## [What this task involves]
Find the line below with "中鐵二十局的工人在西渝高鐵康渝段明燈山隧道內(nèi)施工(2025 年 1" and the line with "- Zestaw trzech". Output exactly those lines and everything between them, leaving out the pictures.

## [Data records]
=====
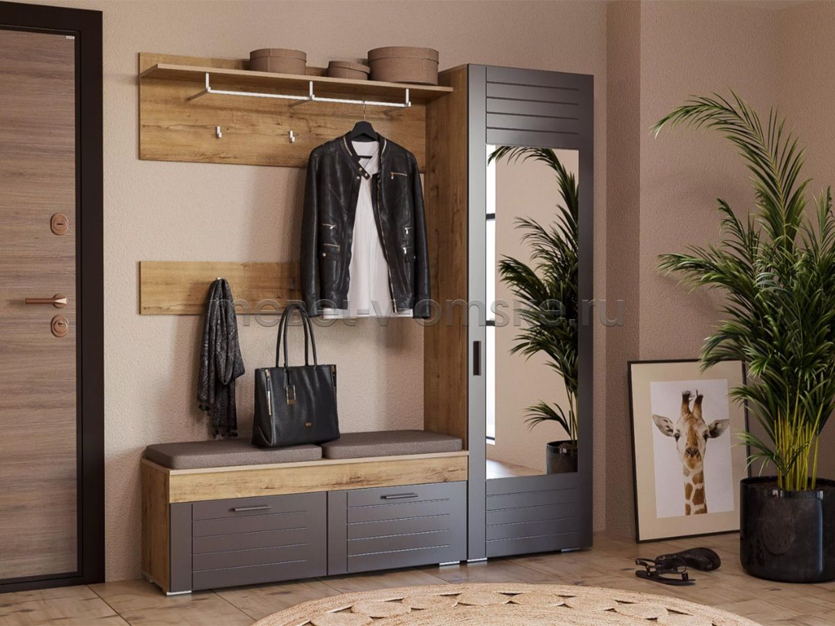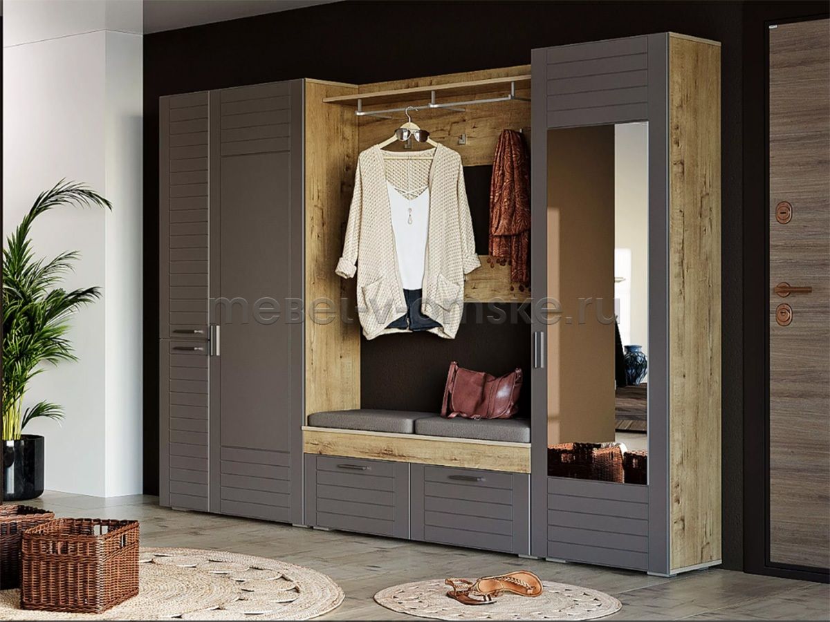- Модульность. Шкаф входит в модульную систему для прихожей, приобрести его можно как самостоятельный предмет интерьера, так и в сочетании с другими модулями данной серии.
=====
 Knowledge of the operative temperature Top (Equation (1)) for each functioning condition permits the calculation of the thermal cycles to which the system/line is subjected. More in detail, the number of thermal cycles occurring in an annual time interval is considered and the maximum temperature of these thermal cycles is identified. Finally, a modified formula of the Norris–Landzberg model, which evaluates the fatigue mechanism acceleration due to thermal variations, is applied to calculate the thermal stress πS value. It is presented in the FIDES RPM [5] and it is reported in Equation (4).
=====
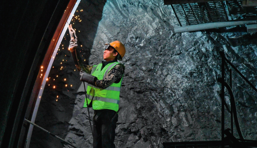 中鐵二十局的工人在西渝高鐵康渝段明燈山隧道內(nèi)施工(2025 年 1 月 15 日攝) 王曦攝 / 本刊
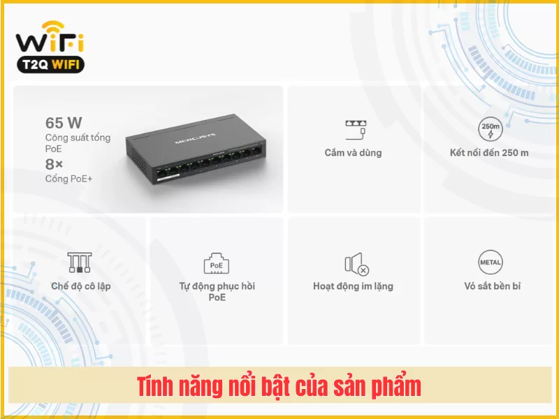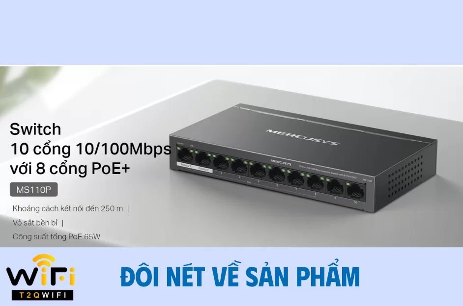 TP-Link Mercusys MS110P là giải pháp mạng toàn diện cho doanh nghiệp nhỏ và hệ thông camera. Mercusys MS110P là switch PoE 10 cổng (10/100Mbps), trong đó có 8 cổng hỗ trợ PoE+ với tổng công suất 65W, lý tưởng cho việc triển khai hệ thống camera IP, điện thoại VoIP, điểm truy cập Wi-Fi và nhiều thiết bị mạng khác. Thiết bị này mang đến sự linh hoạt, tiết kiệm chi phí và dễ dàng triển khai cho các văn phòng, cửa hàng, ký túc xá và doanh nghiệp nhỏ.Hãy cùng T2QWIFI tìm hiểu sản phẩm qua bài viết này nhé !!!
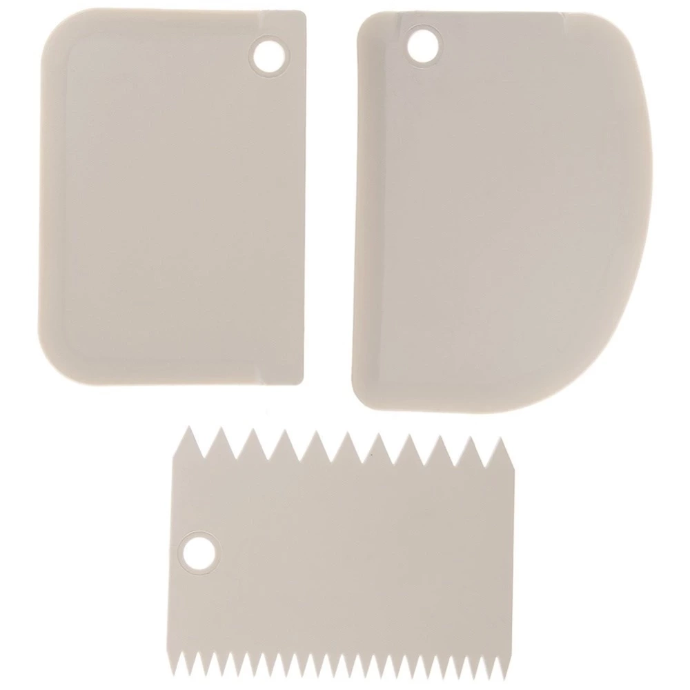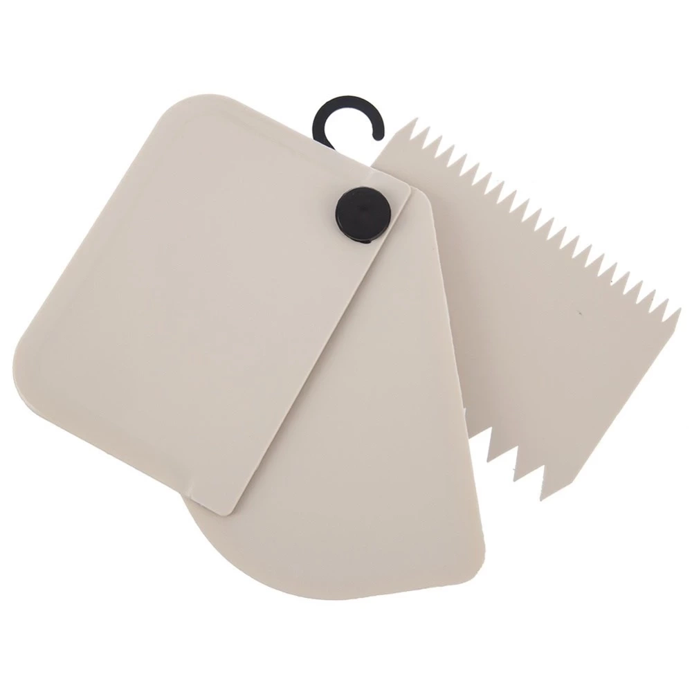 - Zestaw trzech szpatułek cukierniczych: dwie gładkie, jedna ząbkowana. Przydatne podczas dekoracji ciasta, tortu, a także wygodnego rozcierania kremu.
=====
## [Answer section]
 中鐵二十局的工人在西渝高鐵康渝段明燈山隧道內(nèi)施工(2025 年 1 月 15 日攝) 王曦攝 / 本刊
 TP-Link Mercusys MS110P là giải pháp mạng toàn diện cho doanh nghiệp nhỏ và hệ thông camera. Mercusys MS110P là switch PoE 10 cổng (10/100Mbps), trong đó có 8 cổng hỗ trợ PoE+ với tổng công suất 65W, lý tưởng cho việc triển khai hệ thống camera IP, điện thoại VoIP, điểm truy cập Wi-Fi và nhiều thiết bị mạng khác. Thiết bị này mang đến sự linh hoạt, tiết kiệm chi phí và dễ dàng triển khai cho các văn phòng, cửa hàng, ký túc xá và doanh nghiệp nhỏ.Hãy cùng T2QWIFI tìm hiểu sản phẩm qua bài viết này nhé !!!
 - Zestaw trzech szpatułek cukierniczych: dwie gładkie, jedna ząbkowana. Przydatne podczas dekoracji ciasta, tortu, a także wygodnego rozcierania kremu.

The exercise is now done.